= Galina Shostakovich =

Russian pianist and biologist (born 1936)

Galina Dmitrievna Shostakovich (Галина Дмитриевна Шостакович; born in Leningrad on 30 May 1936) is a Russian trained pianist and biologist.

== Early life ==
She is the sister of Maxim Shostakovich (born 1938) and the first child of Dmitri Shostakovich and physicist Nina Vasilyevna Varzar.

She received early training on the piano from her father. She is the dedicatee of his Children's Notebook, Op. 69, which was composed for her ninth birthday on 30 May 1945. She wanted to become a ballerina. She learned several languages. At age 11 her French already was as good as her Russian. She started studying composition with her father at an early age. Soon after the death of her mother Nina Vasilyevna Varzar (born in 1909) on 4 December 1954, Galina Shostakovich enrolled in Biology at the Moscow University where she graduated in 1959. In 1959 she married Yevgeniy Borisovich Chukovsky (1937–1997), a cinematographer and cameraman. He was the grandson of author and children's poet Korney Chukovsky and nephew of Lidiya Chukovskaya.
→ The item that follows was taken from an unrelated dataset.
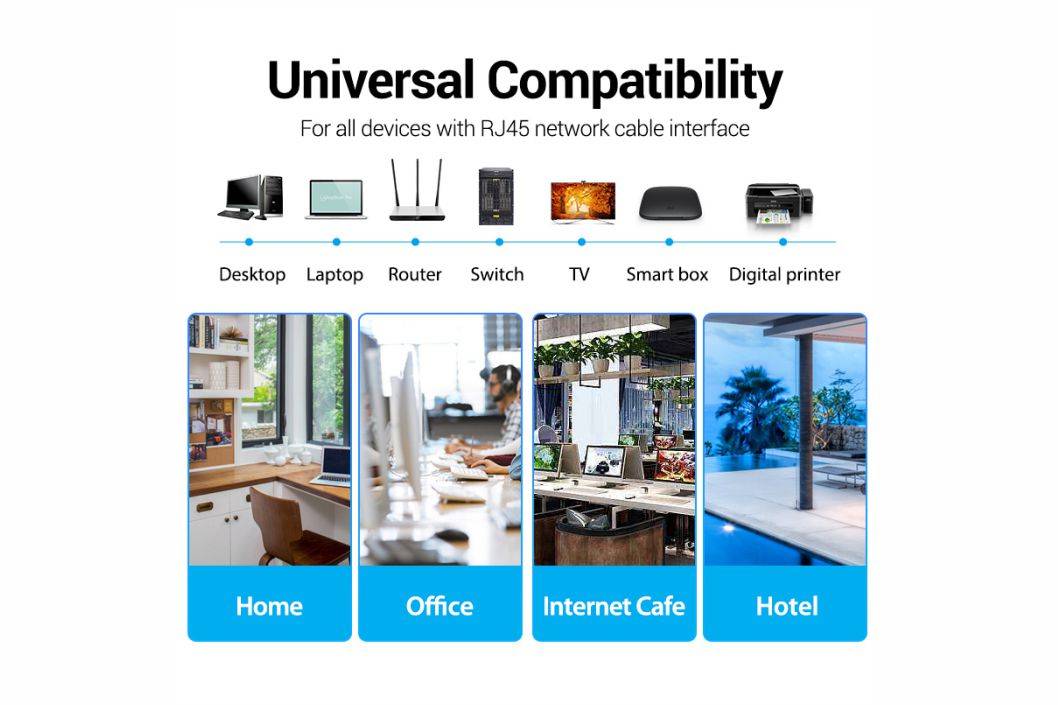 Specifications (2):🔹 Length : 0.5M / 1M / 1.5M / 2M / 8M / 10M🔹 Connector Interface : RJ45 Male to Male🔹 Connector Material : Gold-plated🔹 Shell : PC🔹 Chipset : Three-pronged Chip🔹 Shielding : UTP🔹 Jacket : PVC

In a letter to his daughter on 6 August 1958, her father told her: "...Time goes by. And love in life – this is the most important thing. Besides this, it is very serious and responsible. There should always be a harmonious combination of the senses and the intellect. I really want to see your life was good, so that you are always healthy and happy. Kiss you. Dad." Her first son Andrei was born in August 1960 and her second son Nikolai in January 1962.

== Career ==
She is interviewed in the documentary from 1997 The War Symphonies: Shostakovich Against Stalin by Larry Weinstein released on 10 May 2003.